Dopo l’esperienza londinese mi sono reso conto che mi mancava qualcosa, avrei voluto conoscere di più sull’animazione digitale. Quindi ho fatto i bagagli e sono andato all’Animation Workshop in Danimarca, dove ho sostenuto un corso di animazione 3D e altri in cui c’erano docenti della Pixar e professionisti di un certo livello. Subito dopo sono andato in Repubblica Ceca per un corso di rigging avanzato e poi di volata in Norvegia a mettere in pratica quello che avevo imparato fino a quel momento.
Hai visitato molti posti diversi! Sei tornato in Italia dopo?

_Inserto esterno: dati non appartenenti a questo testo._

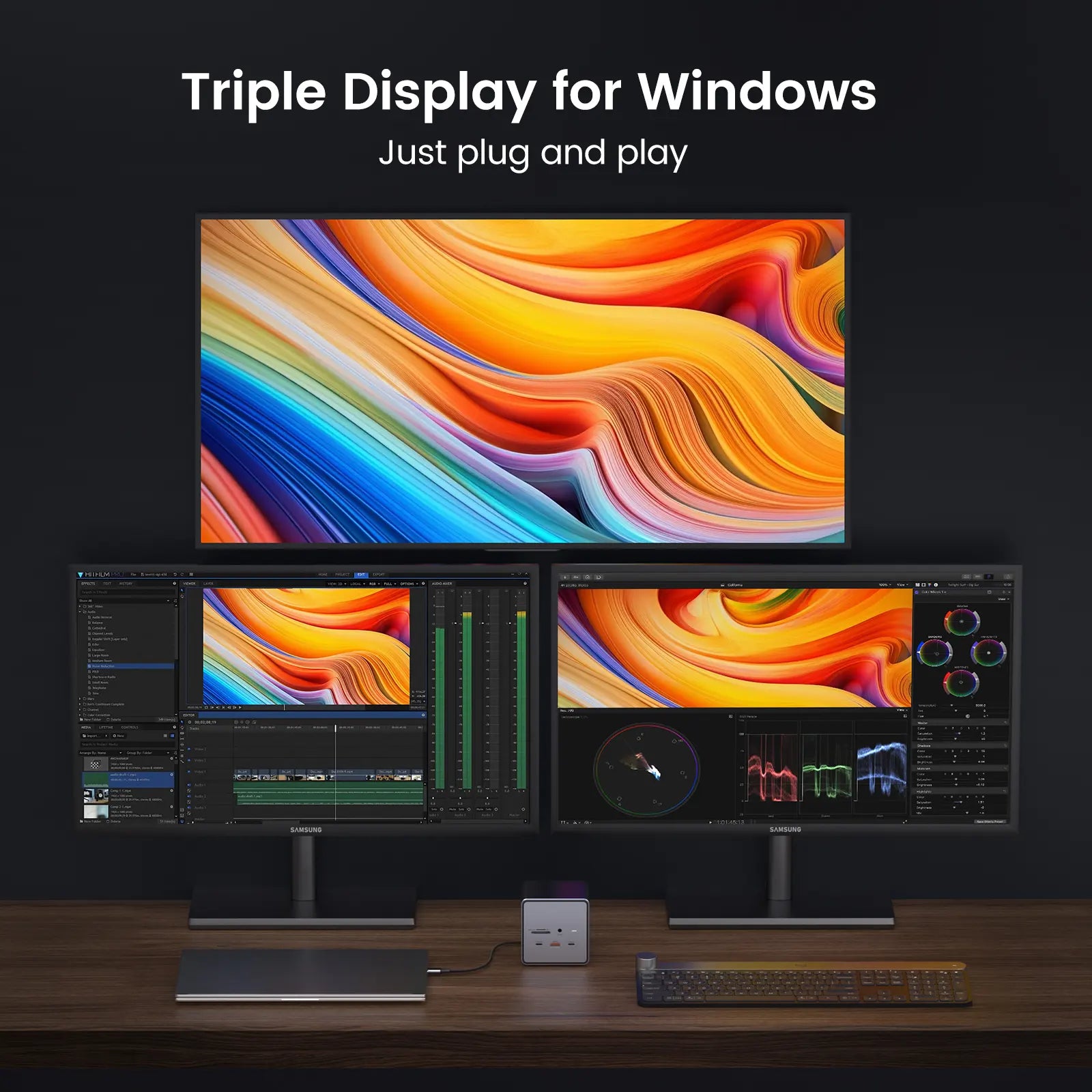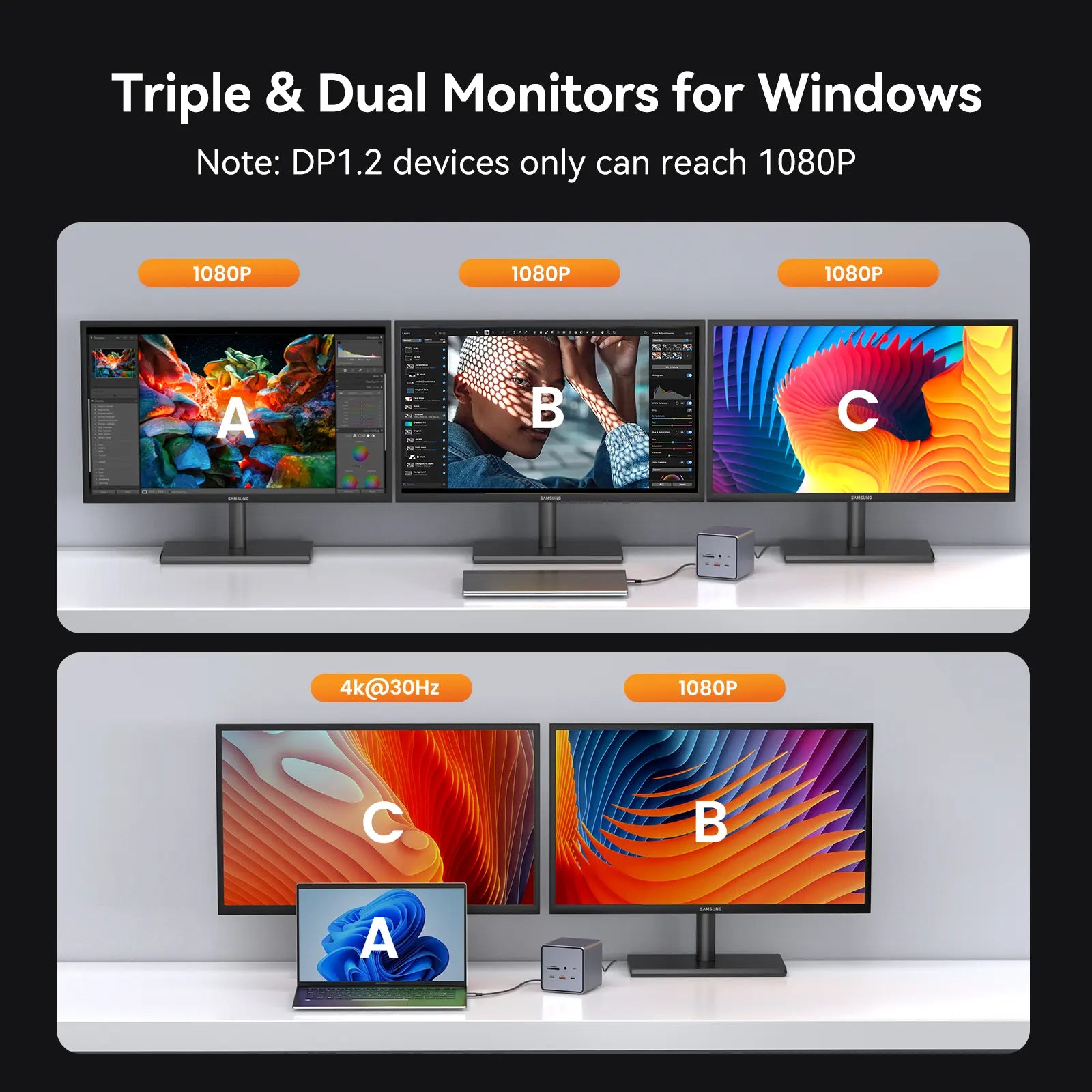 Extend Dual Monitor Docking Station: You can use the USB C docking station to extend your full-feature USB C Windows laptop to multiple screens using any combination of HDMI 1, HDMI 2, and DisplayPort. When you extend a single monitor, the resolution can be up to 4K@60Hz (DP1.4 source). Extending 2 monitors, the first detected monitor resolution can be up to 4K@30Hz and the other only 1080P. You can enjoy more precise and vivid details in graphic-intensive CAD drawings and Photoshop images.

Si, dopo aver lavorato in una digital agency sono tornato in Italia e ho fatto il Free-Lance per qualche anno grazie ai contatti che avevo maturato. Sono stato un libero professionista praticamente fino ad ora! Ma non sono stato con le mani in mano. Attraverso Eco-Mind sono riuscito a lavorare con grandi aziende come la Nespresso, ma forse il mio picco più alto, da libero, l’ho raggiunto lavorando per la Ubisoft. Ricordi anno 1404? Beh, molti suoi aspetti grafici, tra cui l’icona dell’app, sono opera mia. Successivamente sono tornato in Danimarca dove ho studiato effetti speciali. Questo mi ha aiutato molto a lavorare con i video e ad utilizzare quello che già sapevo in un ambito in cui prima non riuscivo ad esprimermi come volevo. Quindi ho lavorato a compositing, rendering fotorealistici, tracciamenti di camera e ora, dopo questo lungo periodo di studio, mi ritrovo la possibilità di poter lavorare in una software house in Germania.
Sono molto felice di avere una possibilità come questa anche perché la vedo come una sfida in cui mettermi alla prova utilizzando le conoscenze e le abilità che ho raccolto fino ad ora.
Beh, questa è la mia storia! Almeno fino ad oggi.